### What to work on
Would you retype exactly the lines below, starting with the one that has "Задачи урока: научить" and going on through the one that has "Lot #0073: Dansk", with no pictures and nothing else?
Dataset extract section start
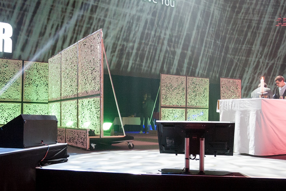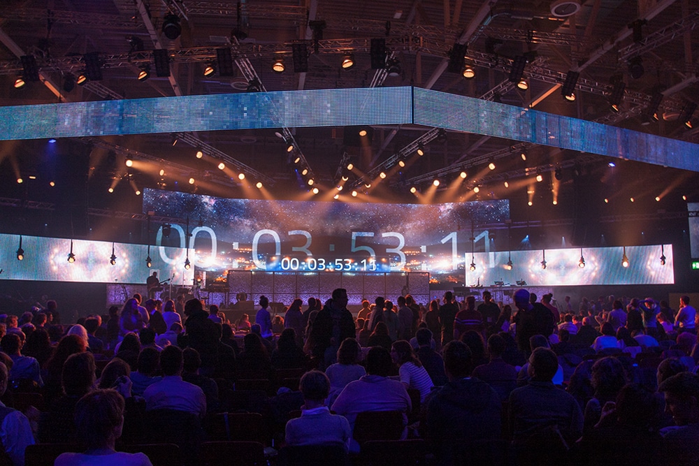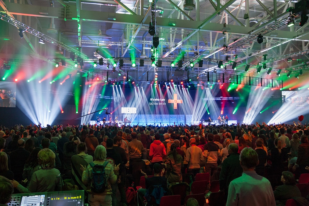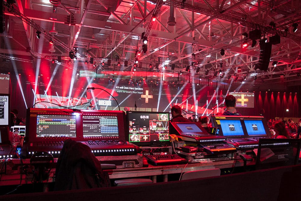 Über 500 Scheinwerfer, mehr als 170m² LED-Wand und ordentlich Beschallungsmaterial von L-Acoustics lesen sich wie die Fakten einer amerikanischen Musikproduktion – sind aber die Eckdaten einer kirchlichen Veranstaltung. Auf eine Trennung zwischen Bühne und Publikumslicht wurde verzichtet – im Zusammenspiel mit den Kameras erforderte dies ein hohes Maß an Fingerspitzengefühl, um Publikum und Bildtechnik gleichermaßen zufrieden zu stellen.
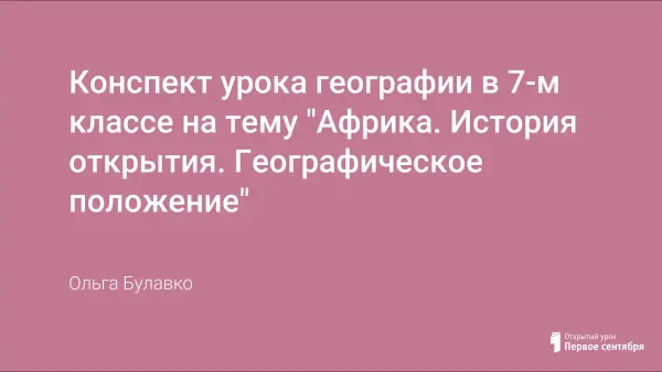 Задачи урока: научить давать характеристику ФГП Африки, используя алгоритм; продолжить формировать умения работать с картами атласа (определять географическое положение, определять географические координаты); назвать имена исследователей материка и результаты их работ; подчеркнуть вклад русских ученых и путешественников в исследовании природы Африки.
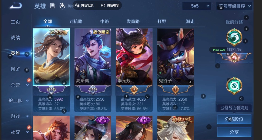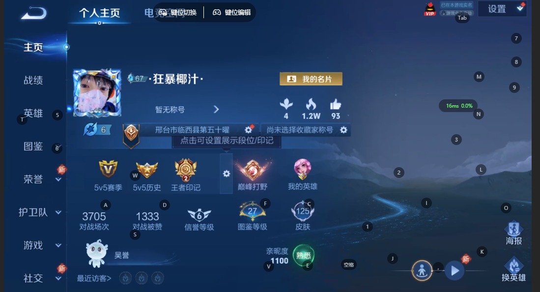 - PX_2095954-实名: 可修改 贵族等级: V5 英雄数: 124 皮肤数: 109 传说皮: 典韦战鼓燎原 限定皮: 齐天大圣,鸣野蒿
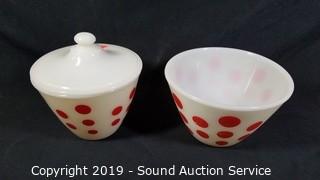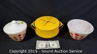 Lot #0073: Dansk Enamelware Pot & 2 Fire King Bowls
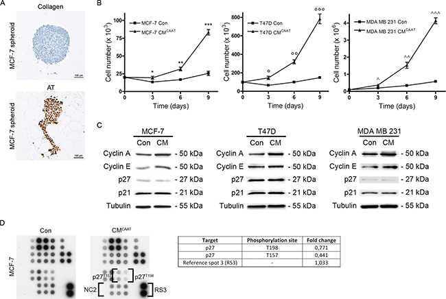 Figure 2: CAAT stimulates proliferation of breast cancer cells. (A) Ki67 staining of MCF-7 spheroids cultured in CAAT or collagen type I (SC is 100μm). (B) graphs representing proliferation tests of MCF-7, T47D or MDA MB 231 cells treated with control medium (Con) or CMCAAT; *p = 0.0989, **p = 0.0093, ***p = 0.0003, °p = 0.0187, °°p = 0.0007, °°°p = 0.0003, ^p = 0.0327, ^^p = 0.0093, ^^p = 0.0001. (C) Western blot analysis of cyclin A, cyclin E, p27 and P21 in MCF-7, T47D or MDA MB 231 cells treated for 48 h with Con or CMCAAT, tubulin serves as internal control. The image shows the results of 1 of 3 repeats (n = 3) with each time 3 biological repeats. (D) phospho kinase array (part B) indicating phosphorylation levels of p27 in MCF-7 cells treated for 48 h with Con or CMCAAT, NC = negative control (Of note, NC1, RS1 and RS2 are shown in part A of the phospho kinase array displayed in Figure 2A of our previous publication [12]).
Dataset extract section end
### Exercise response
 Задачи урока: научить давать характеристику ФГП Африки, используя алгоритм; продолжить формировать умения работать с картами атласа (определять географическое положение, определять географические координаты); назвать имена исследователей материка и результаты их работ; подчеркнуть вклад русских ученых и путешественников в исследовании природы Африки.
 - PX_2095954-实名: 可修改 贵族等级: V5 英雄数: 124 皮肤数: 109 传说皮: 典韦战鼓燎原 限定皮: 齐天大圣,鸣野蒿
 Lot #0073: Dansk Enamelware Pot & 2 Fire King Bowls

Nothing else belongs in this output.